Командированный вышел из кабинета, внутренне вскипев. Достал его не столько даже облом с колечками, сколько эта последняя выходка зама. «”Всех благ, не смею задерживать…” Ну что за фигня! Что у них в головах?!»
Немного успокоившись и решив, что синица в руке лучше, он нашел отдел быта.
«Комната для приезжих свободна, – подтвердила начальница отдела, толстая тётка лет пятидесяти, но комсомольского вида. – Вам нужно взять у нас направление и оплатить одни сутки на кассу (“на кассу”!). А в случае необходимости продлить». И обратилась к своей единственной (“отдел”!) сотруднице: «Галина Александровна, оформите, пожалуйста!»
Он поблагодарил и подошел к столу Галины Александровны. Та взглянула снизу вверх и зачем-то встала. Стройная,чуть раскосые глаза, лет тридцати. Только вид будто чуть пришибленный. Гоняет ее, наверное, эта бывшая «комсомольская богиня».
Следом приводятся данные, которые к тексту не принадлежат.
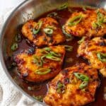 This Glazed Apricot Chicken recipe features tender, juicy chicken thighs cooked in a sweet and savory apricot glaze. Infused with garlic, smoked paprika, ginger, and soy sauce, this dish is a delightful blend of flavors that come together quickly in a skillet, perfect for a flavorful weeknight dinner.

Сотрудница выписала кассовый ордер:
– Оплатите рубль семьдесят в кассу, через дверь направо, и возвращайтесь. Я пока выпишу направление. Только поторопитесь, до конца рабочего дня десять минут.
Когда он вернулся, начальницы уже не было, – ускакала, видимо, пораньше. Получив направление, он спросил:
– И куда?
– Это близко, но трудно объяснить. Я сейчас уже закрываю и могу вас проводить. Давайте отмечу пропуск.
Они вышли из проходной, сопровождаемые взглядами. Пошли по тропинке среди лопухов и дудок, по досточке перешли гнилой ручей-выползень. И сразу оказались в районе пятиэтажек, которые он видел от вокзала. В подъезде одного из домов и находилось общежитие завода.
«Это к нам, из Ленинграда», – сказала Галина Александровна комендантше, и он отдал бумажку.
Поднялись в унылую типовую комнатку на две койки. Он поставил сумку на стул и огляделся. «Просидеть здесь весь вечер? Хоть бы сосед какой-никакой…» И, недолго думая, сказал:
– А давайте, Галина Александровна, теперь я вас провожу. До дому.
Она согласилась. Опять шли какими-то задворками. Пока шли, стемнело. Минут через двадцать добрались до двухэтажного деревянного барака о трёх подъездах. Он стоял на отшибе, кругом был кустарник. Тускло светилось несколько окошек. «Вот здесь я и живу», – сказала она.
На прощание он неожиданно для себя притянул ее за плечи и поцеловал в губы. Она вдруг прижалась к нему и зашептала:
– Ко мне нельзя, мы с мамой вдвоем в одной комнате… Давай здесь…
Она потянула его в гущу кустов. Они продрались сквозь заросли и очутились как бы в небольшом естественном шалаше, посреди которого стоял топчанчик – старый пружинный матрац на подложенных кирпичах. И трехногий стул рядом. Удивлению его не было предела, но он не отступил…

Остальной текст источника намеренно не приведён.